La crescente interconnessione tra sistemi di controllo industriale e reti IT, insieme alla diffusione di dispositivi Industrial IoT, ha modificato profondamente il profilo di rischio degli ambienti operativi. Architetture progettate per funzionare in contesti chiusi sono oggi esposte a minacce tipiche del mondo IT, spesso senza disporre degli stessi livelli di protezione, aggiornamento e monitoraggio.
In questo scenario, l’OT Security non può più essere affrontata come un’estensione della sicurezza informatica tradizionale. Richiede approcci specifici, soluzioni dedicate e una comprensione profonda dei processi industriali. Le applicazioni di ultima generazione dell’OT Security rispondono proprio a questa esigenza, combinando protezione, visibilità e resilienza operativa in ambienti sempre più complessi e interconnessi.
Sicurezza OT: le applicazioni di ultima generazione
La “Operational Technology Security” (OT Security) si occupa della protezione dei sistemi di controllo industriali (ICS), siano essi distribuiti, DCS (Distributed Control System), di supervisione e acquisizione dati, SCADA (Supervisory Control And Data Acquisition) oppure dei processi, PLC (Programmable logic controller).
La necessità nasce dal fatto che i sistemi OT solitamente vengono identificati con le cosiddette “infrastrutture critiche”, ovvero quei sistemi e servizi essenziali, il cui danneggiamento comporterebbe gravi ripercussioni, sia in termini di security che di safety, per ambienti, persone, tecnologie e processi. Uno dei requisiti base del mondo OT è quello di garantire il controllo in real time e la disponibilità delle risorse per assicurare la continuità operativa dei sistemi, anche da remoto, oltre alla confidenzialità e l’integrità dei dati.
Oggi, il costante aumento di cyber attacchi alle infrastrutture critiche, operati sia a scopo estorsivo, sia per creare caos e instabilità nell’attuale e complesso scenario geopolitico, fanno sì che il tema della sicurezza OT sia sempre più rilevante.

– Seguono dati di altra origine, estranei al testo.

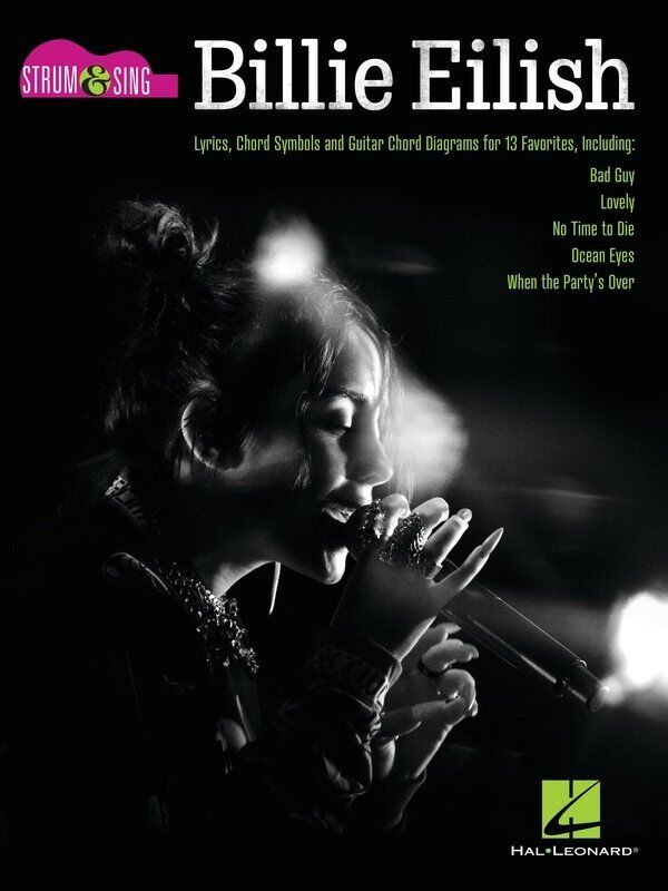Just the chords and lyrics for 13 songs from this young breakout Grammy Award winner, including: Bad Guy • Bellyache • Everything I Wanted • I Love You • Idontwannabeyouanymore • Lovely • My Future • No Time to Die • Ocean Eyes • Six Feet Under • Therefore I Am • When the Party's Over • Wish You Were Gay. Billie Eilish - Strum & Sing Guitar Publisher: Hal Leonard Instrument: Guitar Format: Lyrics & Chords Pages: 40 Series: Strum & Sing
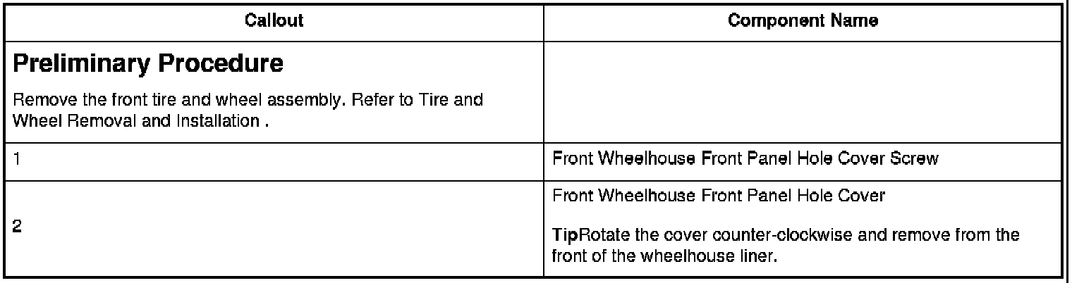 Rotate the cover counter-clockwise and remove from the front of the wheelhouse liner.
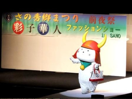 今年の秀郷まつりでは前夜祭も行われ、佐野市文化会館でファッションショーを開催されました。「ひこにゃん」も、舞台でNewモチバッグを初披露。気分はまるで、ファッションモデル?
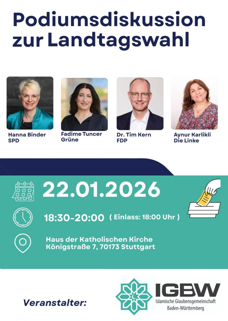 Die kommende Landtagswahl ist ein entscheidender Moment für die Zukunft von Baden-Württemberg. Um den politischen Diskurs zu fördern und Ihnen eine Entscheidungshilfe zu bieten, laden wir Sie herzlich zu unserer Podiumsdiskussion ein.
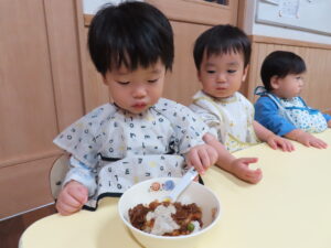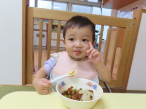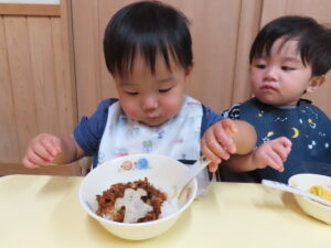 ハヤシライスの上にあるオバケにとても興味を示していましたが、、、

Se, infatti, in origine i sistemi OT, per loro natura, chiusi e certificati, erano caratterizzati da una comunicazione tipicamente machine-to-machine, pensata esclusivamente per connessioni interne, oggi, grazie alla digitalizzazione e al proliferare di dispositivi Industrial IoT (macchine, sensori, attuatori o controller connessi ad internet per la raccolta e trasmissione dati), tali sistemi non sono più isolati e sono in continua e costante comunicazione con il mondo esterno attraverso internet.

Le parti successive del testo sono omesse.